# Sabaton - Screaming Eagles (2010)



## Bob Hubbard (Jun 16, 2011)

To the German Commander - "Nuts!"

[yt]kJVkE14kjhE[/yt]





Official video for Screaming Eagles, taken from the album "Coat Of Arms" (Nuclear Blast 2010)


----------



## Sukerkin (Jun 16, 2011)

Not sure I approve of using cinematic footage of warfare for music videos ...


----------



## Sukerkin (Jun 16, 2011)

As to the music ...

The guitar work was good but for crying out loud, lose the double bass-drums.  It was never fabulous and now it's a cliche.  Also, get Doro to do the singing and this will be massively better :tup:.


----------



## Bob Hubbard (Jun 16, 2011)

Ironically....they covered Fur Immer.


----------



## Sukerkin (Jun 16, 2011)

:chuckles:  I'm not surprised.  Other than the double-kick their 'sound' did put me in mind of Warlock.


----------



## Bob Hubbard (Jun 16, 2011)

Sabaton's been in continuous play in my car stereo the last oh, 6 months.

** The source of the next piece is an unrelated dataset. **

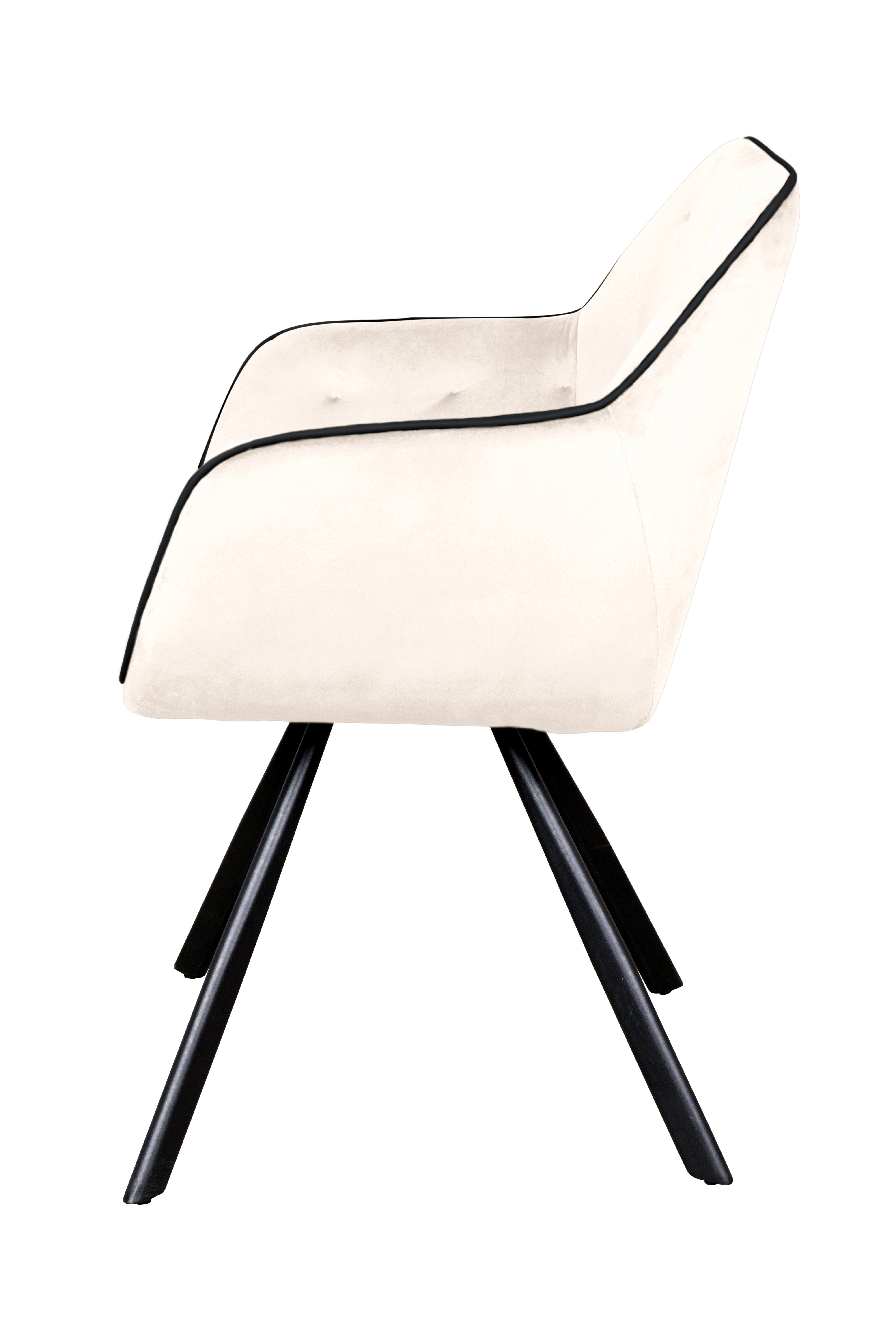 Dieser Stuhl überzeugt durch seinen schlichten und dennoch eleganten Look. Dank des unaufdringlichen Designs kann der Stuhl in nahezu jeden Einrichtungsstil integriert werden, ohne der bestehenden Einrichtung die Show zu stehlen. Er fügt sich harmonisch in das bestehende Raumbild ein und bietet gleichzeitig eine gemütliche Sitzgelegenheit. Die gepolsterte Sitzfläche ist von einem samtigen Bezug umgeben, der dem Stuhl ein elegantes Aussehen verleiht. Eine Ziernaht in der Rückenlehne peppt das schlichte Design etwas auf und sorgt in Verbindung mit den Armlehnen für einen angesagten Retro-Charakter. Solide Beine aus Metall runden das Gesamtbild des Stuhls ab und sorgen für einen stabilen Stand. Genießen Sie das angenehme Sitzgefühl mit Ihrem neuen Esszimmerstuhl. Aufgrund der Stoffbeschaffenheit kann die tatsächliche Farbe des Stuhls von den Bildern abweichen. Durch unterschiedlichen Lichteinfall und verschiedene Streichrichtungen des Stoffbezuges können unterschiedliche Farbnuancen entstehen.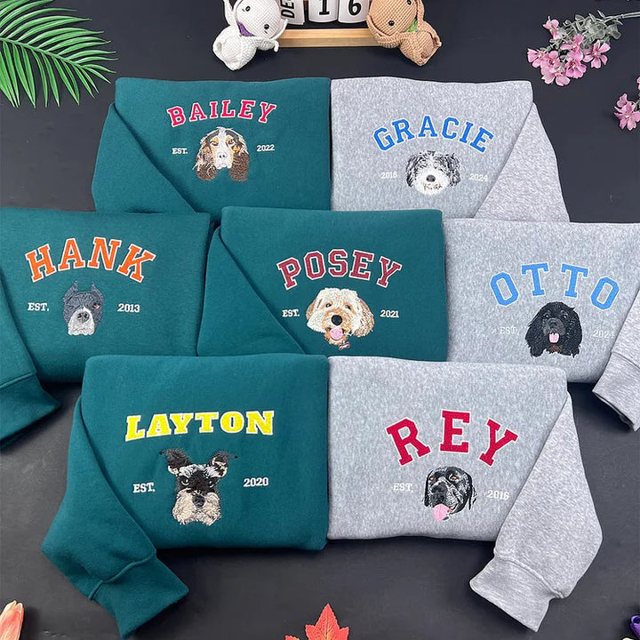 Celebrate your furry friends with these custom embroidered dog portrait sweatshirts! Each sweatshirt is personalized with a dog's portrait, their name, and the year they were established, creating a unique and heartwarming tribute to your pet. Perfect for any dog lover, these sweatshirts combine style, comfort, and love for your four-legged companions.

With the exception of 1 cd I like almost everything they did.  Must be the historical aspects.


----------



## Nomad (Jun 16, 2011)

Big fan of their interpretation of "The Art of War".  Lots of nice Sun Tzu quotes between songs.


----------



## Archangel M (Jun 16, 2011)

I like it...

I still think "Nuts" is one of the best historic statements.


----------



## Namii (Jun 16, 2011)

Good music. I like Sabaton.. and Doro.  I used to have Sabaton playing on my mp3 player all day when I worked at a hotel cleaning rooms. Kept me going.
I listen to those and Manowar, Metallica, Dragonforce.....etc on the drive to training.


----------